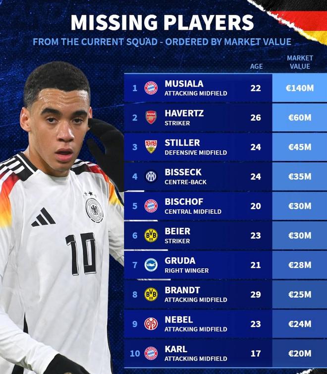- 英超 | 此次未入选德国队大名单身价前10:穆西亚拉领衔,哈弗茨在列
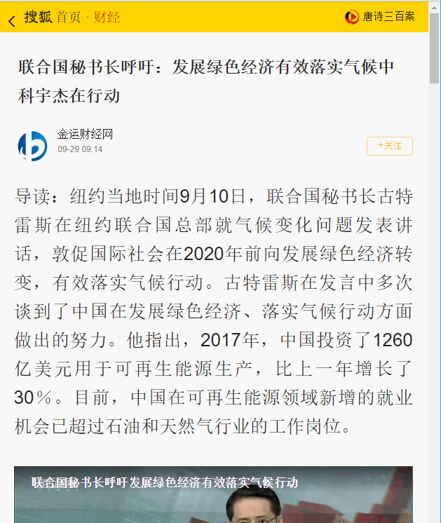 導讀:紐約當?shù)貢r間9月10日,聯(lián)合國秘書長古特雷斯在紐約聯(lián)合國總部就氣候變化問題發(fā)表講話,敦促國際社會在2020年前向發(fā)展綠色經(jīng)濟轉變,有效落實氣候行動。古特雷斯在發(fā)言中多次談到了中國在發(fā)展綠色經(jīng)濟、落實氣候行動方面做出的努力。他指出,2017年,中國投資了1260億美元用于可再生能源生產(chǎn),比上一年增長了30%。目前,中國在可再生能源領域新增的就業(yè)機會已超過石油和天然氣行業(yè)的工作崗位。
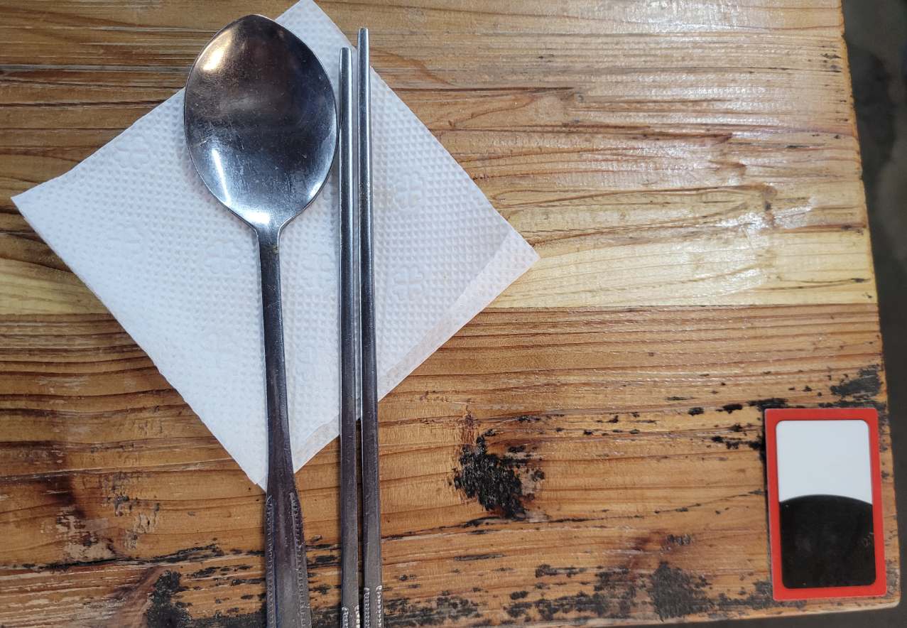 눈치 채셨나요? 식탁 한끝에 화투 한장이 놓여 있어요. 무엇일까요? 맞아요 8이랍니다. 테이블 번호를 화투를 이용해서 표시하고 있네요, 처음보고 뭐지 하다가 이내 실소를 금치 못했답니다. 정말 재미있는 장터다운 재치 아닌가요!
================
Task instructions: The line with "導讀:紐約當?shù)貢r間" marks the start, and the last line of the material marks the end. Reproduce exactly those two lines and every line between them, without the pictures.

Answer to this exercise:
 導讀:紐約當?shù)貢r間9月10日,聯(lián)合國秘書長古特雷斯在紐約聯(lián)合國總部就氣候變化問題發(fā)表講話,敦促國際社會在2020年前向發(fā)展綠色經(jīng)濟轉變,有效落實氣候行動。古特雷斯在發(fā)言中多次談到了中國在發(fā)展綠色經(jīng)濟、落實氣候行動方面做出的努力。他指出,2017年,中國投資了1260億美元用于可再生能源生產(chǎn),比上一年增長了30%。目前,中國在可再生能源領域新增的就業(yè)機會已超過石油和天然氣行業(yè)的工作崗位。
 눈치 채셨나요? 식탁 한끝에 화투 한장이 놓여 있어요. 무엇일까요? 맞아요 8이랍니다. 테이블 번호를 화투를 이용해서 표시하고 있네요, 처음보고 뭐지 하다가 이내 실소를 금치 못했답니다. 정말 재미있는 장터다운 재치 아닌가요!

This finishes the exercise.